The Connector
The Connector

By Jeanie Lo

In the age of Google, we can easily pull up a picture of “Starry Night” by Vincent van Gogh on the internet and send it to our friends and family on iMessage. Unlike people before the age of Google, we don’t need to go to New York and walk into MoMA in order to admire everybody’s favorite van Gogh piece — heck, we don’t even need to be in the States for that. That’s the power of the digital age and social media in the world of art institutions.

As an intern in The Metropolitan Museum of Art’s (The Met) communications department, my work on The Met’s social media made me rethink how Facebook, Twitter, Instagram and Pinterest can serve the museum’s mission to bring “Life to arts and art to lives.”

My task was to select different artworks in The Met’s permanent collection to go up to Facebook each day for the “Featured Artwork of the Day” series. While I don’t write the descriptions — because that’s the curator’s job — I realized my job requires a lot of decision-making.

As an international student among an incredibly diverse staff in a museum with an incredibly diverse collection, I wanted to feature artworks that allow people from different parts of the world see their cultures and experiences represented on The Met’s Facebook page. The Met has a collection that spans more than 5,000 years of history, so I think social media is poised to leverage this power for good.

I searched for artworks from Islamic traditions, Iranian objects, Chinese costumes, Christianity paintings, sculptures of babies, animals, paintings of lovers…. the possibilities were endless. At the same time, I decided against artwork that could be problematic or hateful – such as paintings of rape (which was all the rage in Renaissance art).

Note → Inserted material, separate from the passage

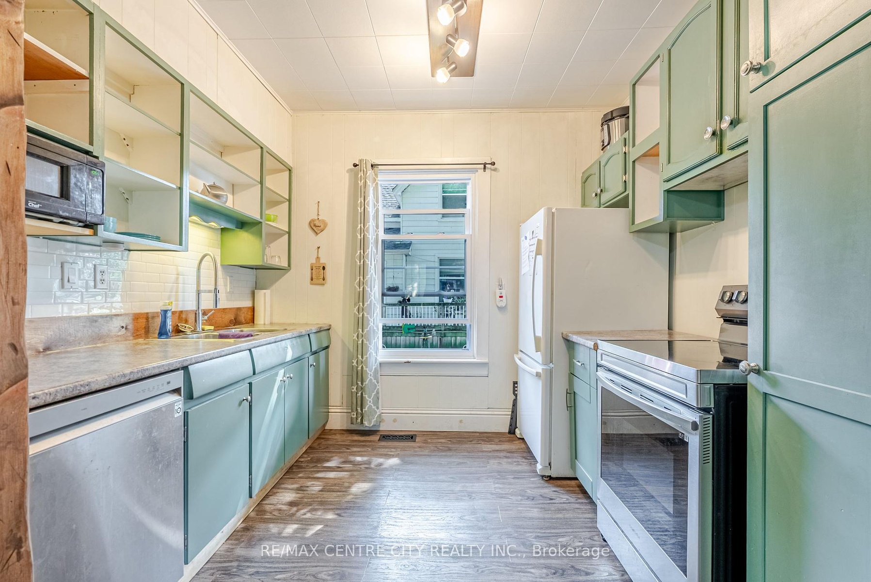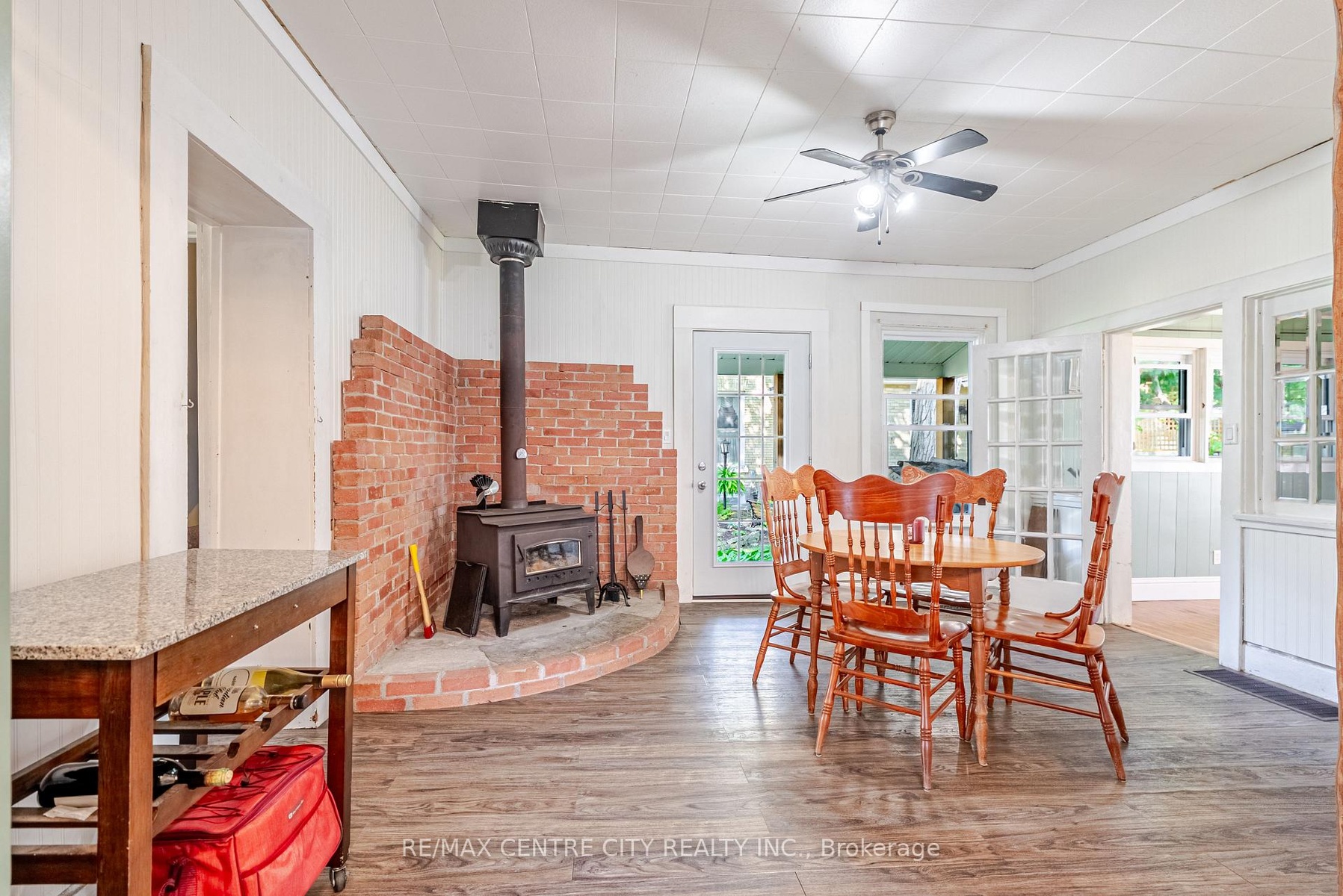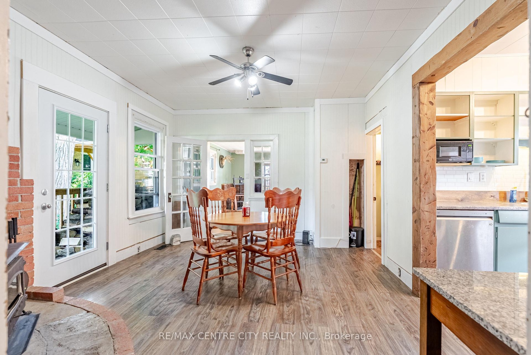 The ideal starter home! This 3 bedroom, 1 bath home is centrally located in a historic section of Aylmer and is easily walkable to shopping, schools, churches and parks. The living room overlooks the backyard or you can enjoy the view from the new deck. If you've been looking for a shop, look no further! This property comes complete with a double bay garage/shop with hydro. The yard is fenced however, the shop is easily accessed via the drive through gate. Many recent updates have been completed for you, including: windows & doors, soffit and fascia, all decks/porches, exterior light fixtures updated and outlets added, new subfloor and flooring, kitchen refreshed including new backsplash and fixtures, bathroom updated, plumbing to kitchen and bathroom fixtures updated. A lean to has been added to the shop, perfect for boat or car trailer storage. Dining room woodstove WETT inspected in 2020.

I had a lot of fun doing this task. I looked up festivals celebrated in different parts of the world and found images that I think can relate to each of those festivals, such as featuring African art and abolitionist sculptures for Black History Month, a Hindu god Vishnu for Holi or an Amazon warrior for Women’s History Month.

So as I select the images, I thought of the people who would want to see their culture and experience preserved and highlighted. I imagine as they go on Facebook, they could think, “I can relate to this!” That’s what I want to do, to bring art into people’s lives and touch lives, to invite people to come to the museum and see the objects for themselves and to facilitate audience forming relationships with artworks.

My supervisors posted a painting, “Springtime” by Pierre-Auguste Cot on Instagram on Valentine’s Day. It warmed my heart to see people recounting in the comment section how this is one of their favorite works in the collection, or how this brings them joyful memories, back to childhood, back to when their love for art began. I searched for this painting in the museum yesterday morning before opening hours. When I found it, I thought of how this sweet painting touched lives and what it meant to people. This process changed my relationship to the painting as well — before that I was just paying attention to how this is a work in the context of Romanticism — but now it’s, “Thousands of people see themselves in this painting, they can relate to the lovers in it.”

 

In the age of Google, museums can easily participate in not just scholars’, but the public’s dialogue about what they think about art and what art is — that’s the power of social media in the world of art institutions.